Work task — In the material below, find the line containing "För barn och" and the line containing "Zari Handloom |". Output those two lines and all lines between them exactly, without pictures.

Data excerpts —
____________
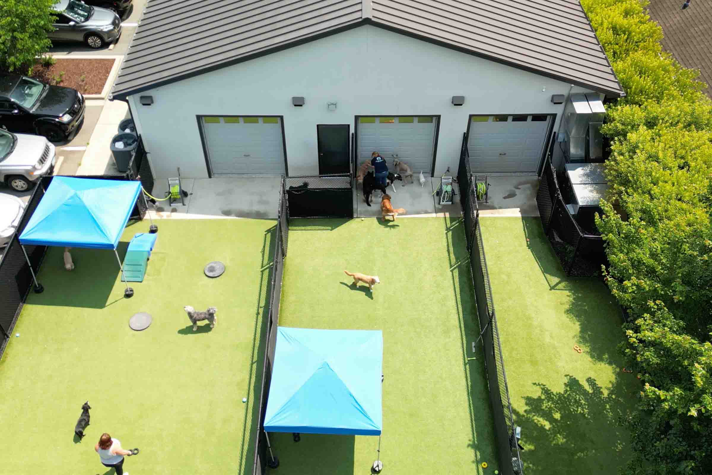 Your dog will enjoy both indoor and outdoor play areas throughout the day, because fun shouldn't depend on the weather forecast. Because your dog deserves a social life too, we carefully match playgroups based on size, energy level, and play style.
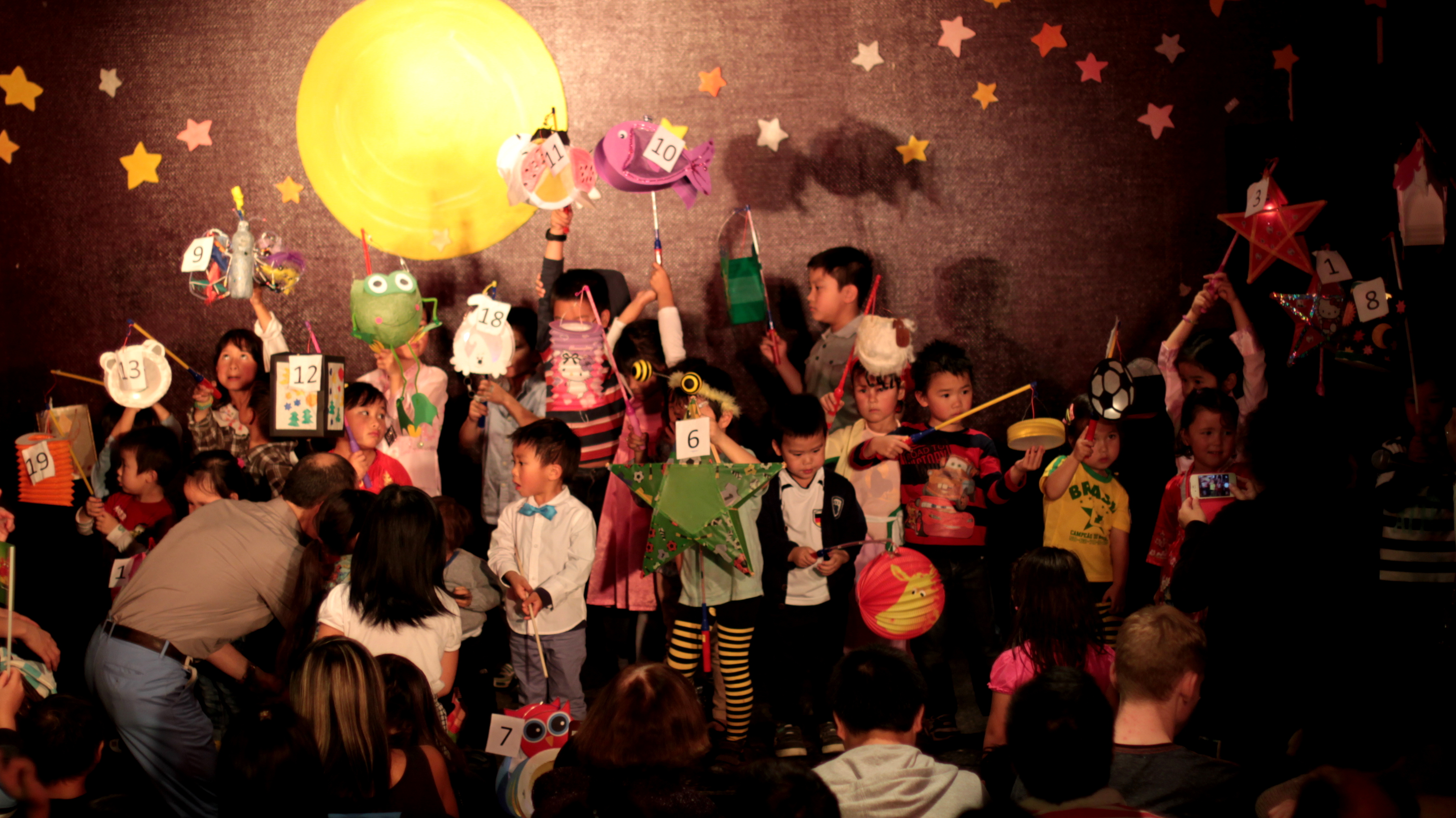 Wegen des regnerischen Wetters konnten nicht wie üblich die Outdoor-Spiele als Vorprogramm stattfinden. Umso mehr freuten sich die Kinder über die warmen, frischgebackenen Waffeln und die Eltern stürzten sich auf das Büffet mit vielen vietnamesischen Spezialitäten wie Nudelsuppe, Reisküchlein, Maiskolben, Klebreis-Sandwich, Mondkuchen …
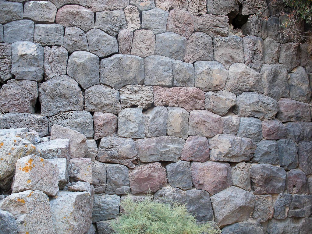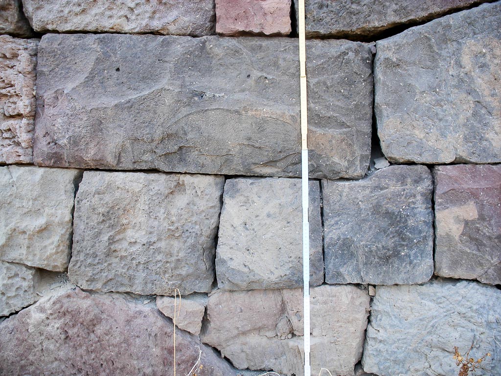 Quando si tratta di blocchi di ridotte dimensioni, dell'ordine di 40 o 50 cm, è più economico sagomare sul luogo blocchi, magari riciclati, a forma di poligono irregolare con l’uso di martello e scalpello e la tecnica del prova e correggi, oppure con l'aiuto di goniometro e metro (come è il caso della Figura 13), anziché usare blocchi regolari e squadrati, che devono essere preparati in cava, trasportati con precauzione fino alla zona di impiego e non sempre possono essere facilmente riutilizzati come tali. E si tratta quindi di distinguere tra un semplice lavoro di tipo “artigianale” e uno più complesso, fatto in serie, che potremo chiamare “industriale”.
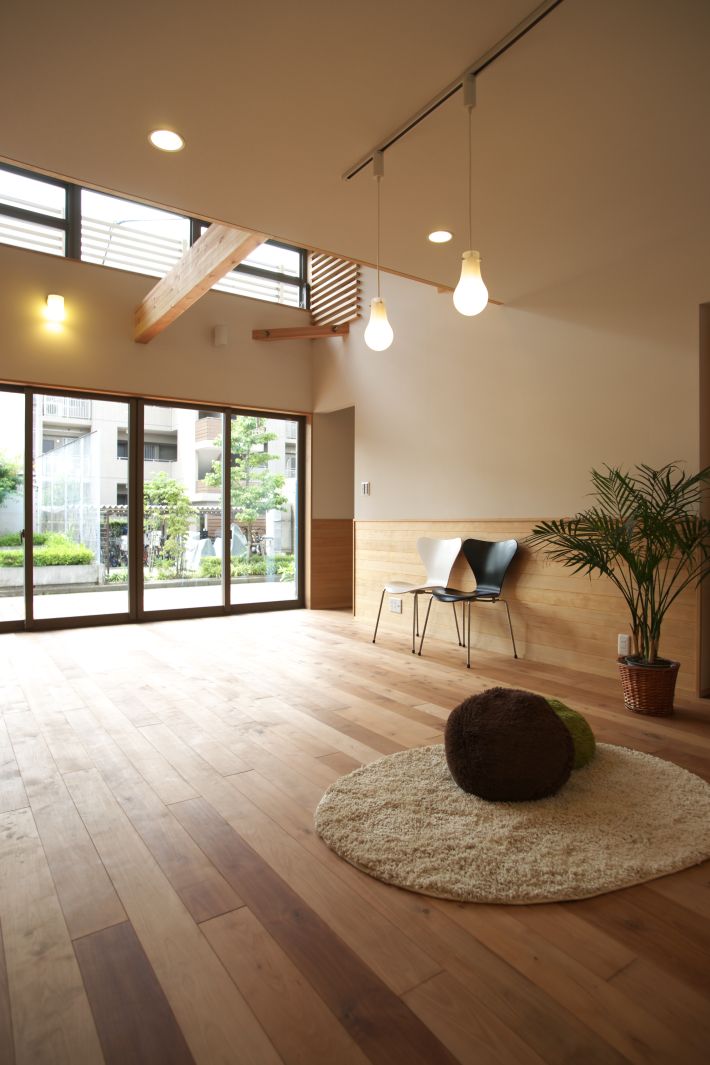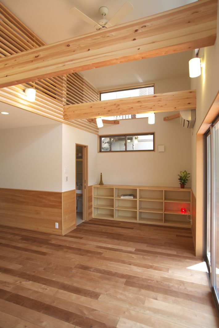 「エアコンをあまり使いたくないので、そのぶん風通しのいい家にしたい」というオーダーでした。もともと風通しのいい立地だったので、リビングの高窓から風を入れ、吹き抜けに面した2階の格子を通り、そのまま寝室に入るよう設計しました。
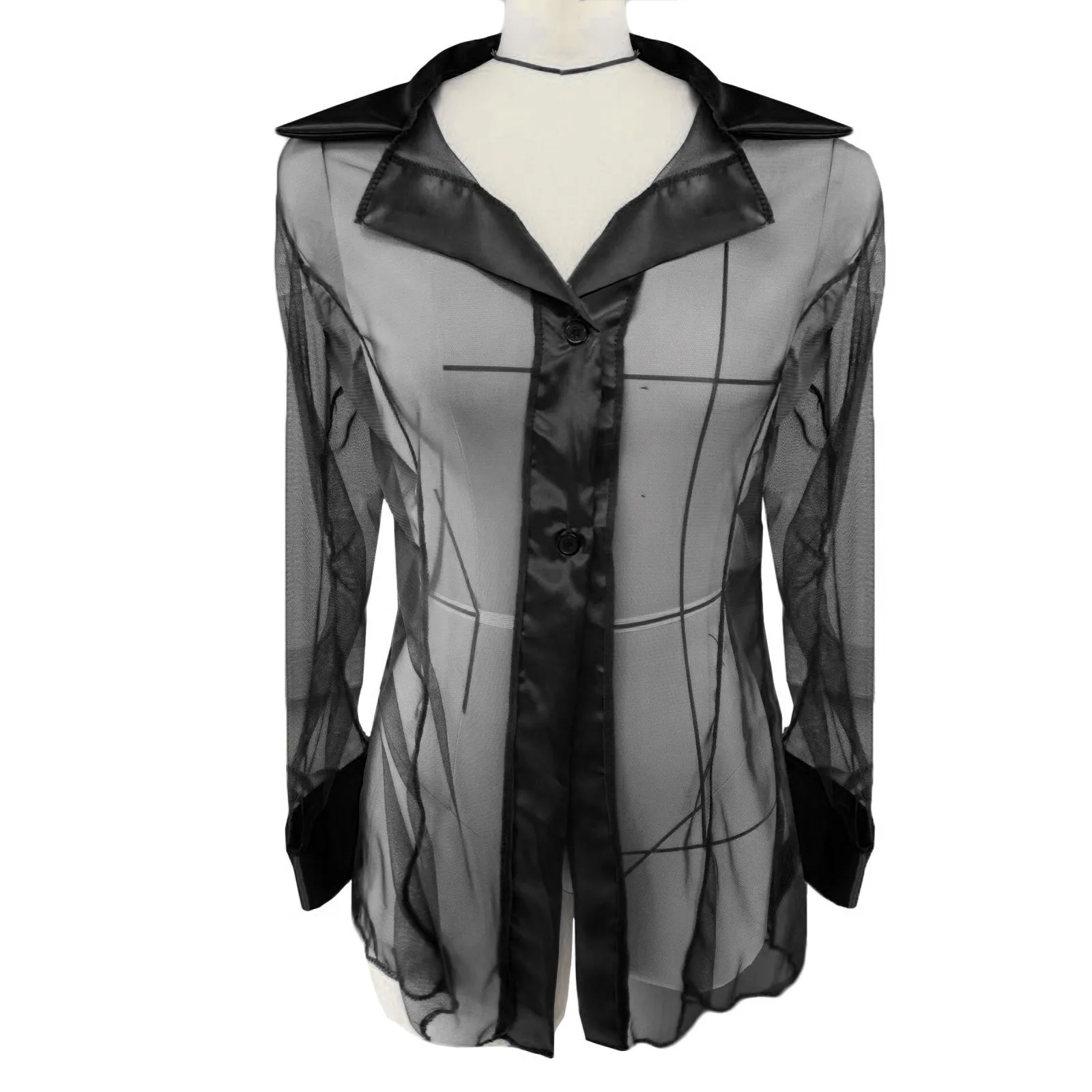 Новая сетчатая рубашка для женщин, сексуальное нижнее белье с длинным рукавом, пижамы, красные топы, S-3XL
____________
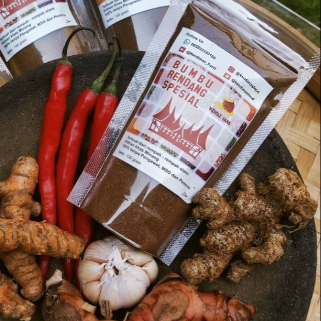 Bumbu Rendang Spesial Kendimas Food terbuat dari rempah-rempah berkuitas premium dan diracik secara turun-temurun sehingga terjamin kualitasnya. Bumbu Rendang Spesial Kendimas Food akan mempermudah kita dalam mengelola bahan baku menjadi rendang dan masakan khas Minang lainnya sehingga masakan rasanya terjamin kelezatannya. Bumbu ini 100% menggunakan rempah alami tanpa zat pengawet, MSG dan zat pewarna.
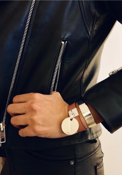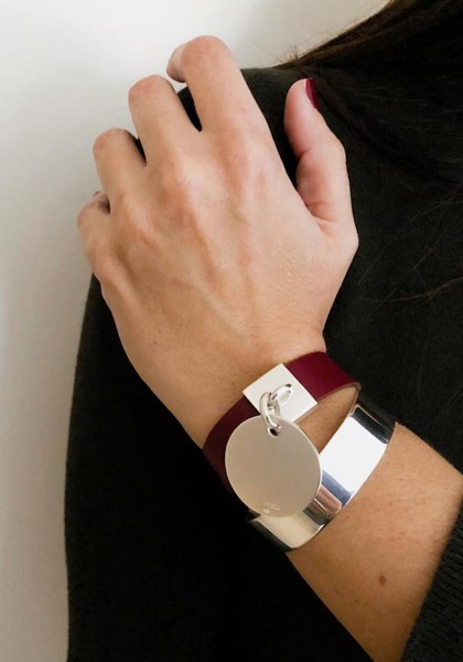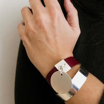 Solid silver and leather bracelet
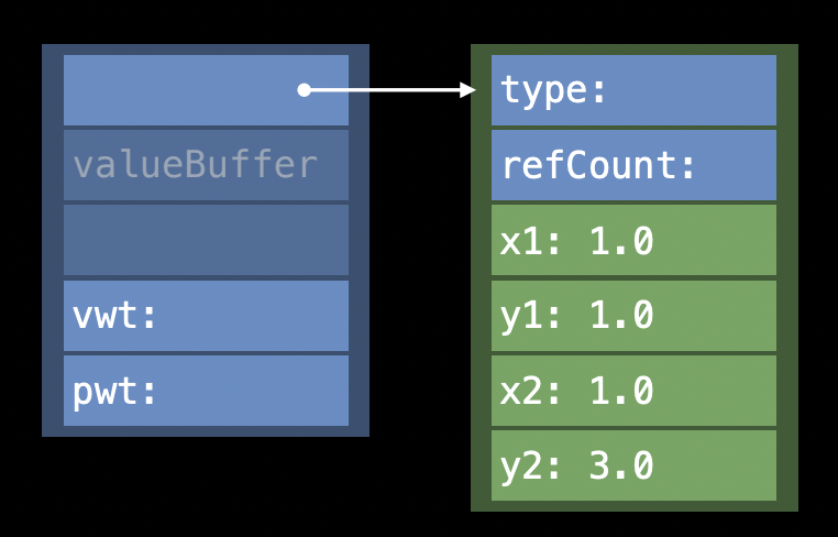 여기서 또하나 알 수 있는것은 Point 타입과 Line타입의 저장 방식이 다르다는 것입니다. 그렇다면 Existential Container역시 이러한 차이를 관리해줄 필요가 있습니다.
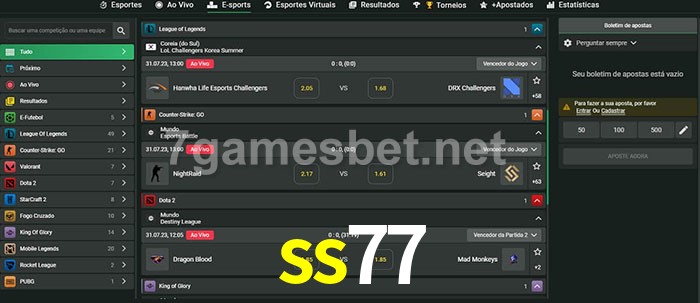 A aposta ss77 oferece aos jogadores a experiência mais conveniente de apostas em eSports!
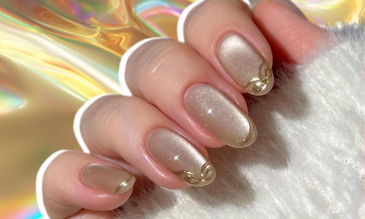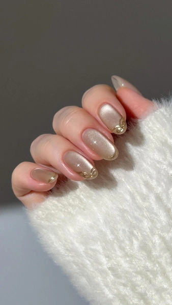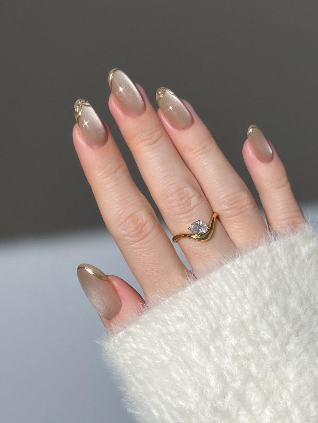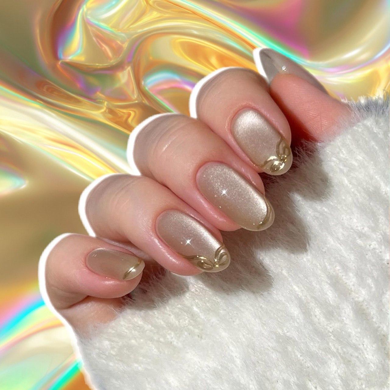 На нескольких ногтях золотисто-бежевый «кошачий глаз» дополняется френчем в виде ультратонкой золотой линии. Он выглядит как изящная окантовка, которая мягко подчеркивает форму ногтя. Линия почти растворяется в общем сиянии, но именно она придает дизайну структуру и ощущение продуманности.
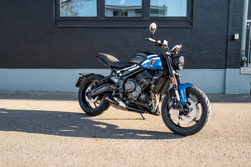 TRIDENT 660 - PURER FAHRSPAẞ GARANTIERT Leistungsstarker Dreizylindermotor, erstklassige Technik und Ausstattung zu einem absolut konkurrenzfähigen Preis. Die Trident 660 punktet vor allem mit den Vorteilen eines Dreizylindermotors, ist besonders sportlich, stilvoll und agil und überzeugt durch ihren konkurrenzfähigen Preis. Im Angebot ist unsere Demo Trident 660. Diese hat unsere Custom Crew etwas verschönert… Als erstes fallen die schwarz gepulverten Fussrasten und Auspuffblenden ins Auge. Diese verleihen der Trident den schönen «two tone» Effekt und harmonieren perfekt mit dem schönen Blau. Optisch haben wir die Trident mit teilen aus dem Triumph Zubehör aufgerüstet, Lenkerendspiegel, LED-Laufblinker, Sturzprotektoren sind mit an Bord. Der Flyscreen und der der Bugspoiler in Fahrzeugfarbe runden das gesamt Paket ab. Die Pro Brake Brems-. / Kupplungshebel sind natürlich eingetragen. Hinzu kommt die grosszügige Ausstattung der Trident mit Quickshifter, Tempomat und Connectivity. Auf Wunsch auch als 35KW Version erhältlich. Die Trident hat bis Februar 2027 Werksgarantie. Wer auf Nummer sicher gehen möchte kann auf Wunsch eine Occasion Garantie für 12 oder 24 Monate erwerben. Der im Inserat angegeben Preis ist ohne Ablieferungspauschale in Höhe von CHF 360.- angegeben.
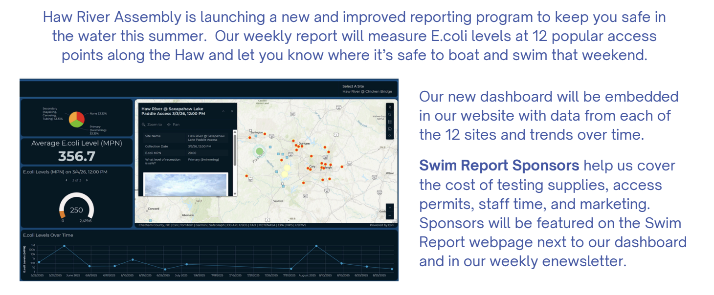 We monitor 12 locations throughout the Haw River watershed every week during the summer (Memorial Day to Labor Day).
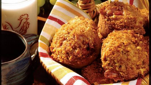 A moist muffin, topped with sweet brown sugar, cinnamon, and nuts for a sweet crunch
____________
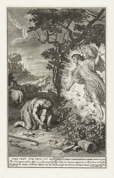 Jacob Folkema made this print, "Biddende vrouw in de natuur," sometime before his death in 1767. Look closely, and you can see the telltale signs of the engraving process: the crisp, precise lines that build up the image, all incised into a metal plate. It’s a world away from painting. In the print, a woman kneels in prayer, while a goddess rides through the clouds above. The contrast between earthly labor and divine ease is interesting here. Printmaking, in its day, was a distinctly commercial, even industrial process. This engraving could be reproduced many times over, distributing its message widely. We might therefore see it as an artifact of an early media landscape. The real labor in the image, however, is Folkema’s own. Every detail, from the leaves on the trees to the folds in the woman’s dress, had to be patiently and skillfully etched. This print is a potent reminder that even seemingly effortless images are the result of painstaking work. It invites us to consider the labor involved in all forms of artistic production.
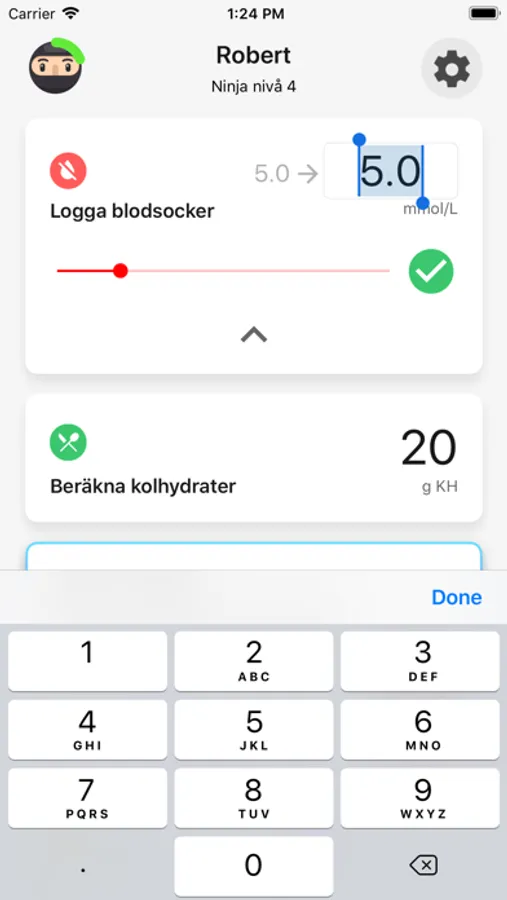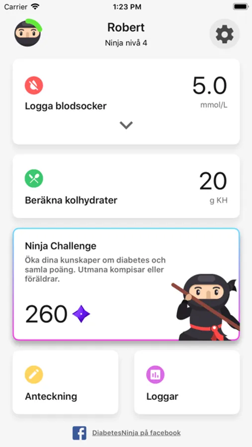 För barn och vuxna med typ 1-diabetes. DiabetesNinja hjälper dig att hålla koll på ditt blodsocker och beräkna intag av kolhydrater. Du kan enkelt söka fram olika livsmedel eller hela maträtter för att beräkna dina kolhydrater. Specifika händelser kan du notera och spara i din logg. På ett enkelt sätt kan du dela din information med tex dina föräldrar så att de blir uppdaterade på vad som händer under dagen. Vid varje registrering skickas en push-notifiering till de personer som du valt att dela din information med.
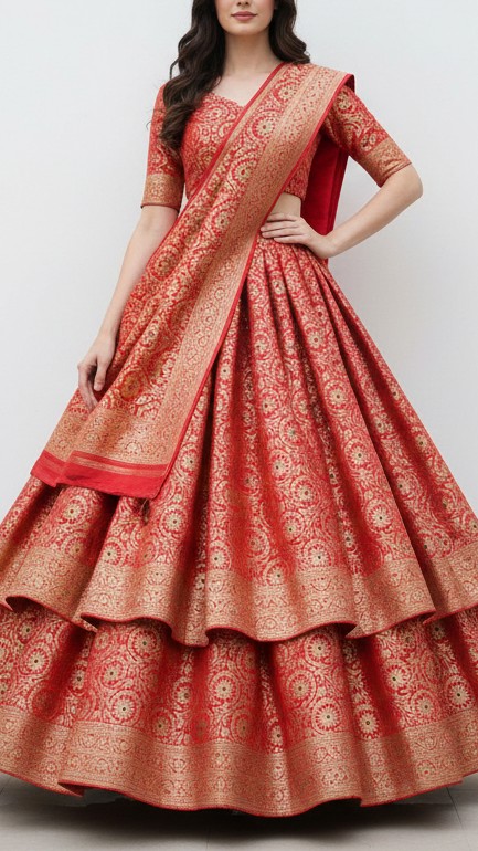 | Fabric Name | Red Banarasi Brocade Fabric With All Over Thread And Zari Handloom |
____________
Response box —
 För barn och vuxna med typ 1-diabetes. DiabetesNinja hjälper dig att hålla koll på ditt blodsocker och beräkna intag av kolhydrater. Du kan enkelt söka fram olika livsmedel eller hela maträtter för att beräkna dina kolhydrater. Specifika händelser kan du notera och spara i din logg. På ett enkelt sätt kan du dela din information med tex dina föräldrar så att de blir uppdaterade på vad som händer under dagen. Vid varje registrering skickas en push-notifiering till de personer som du valt att dela din information med.
 | Fabric Name | Red Banarasi Brocade Fabric With All Over Thread And Zari Handloom |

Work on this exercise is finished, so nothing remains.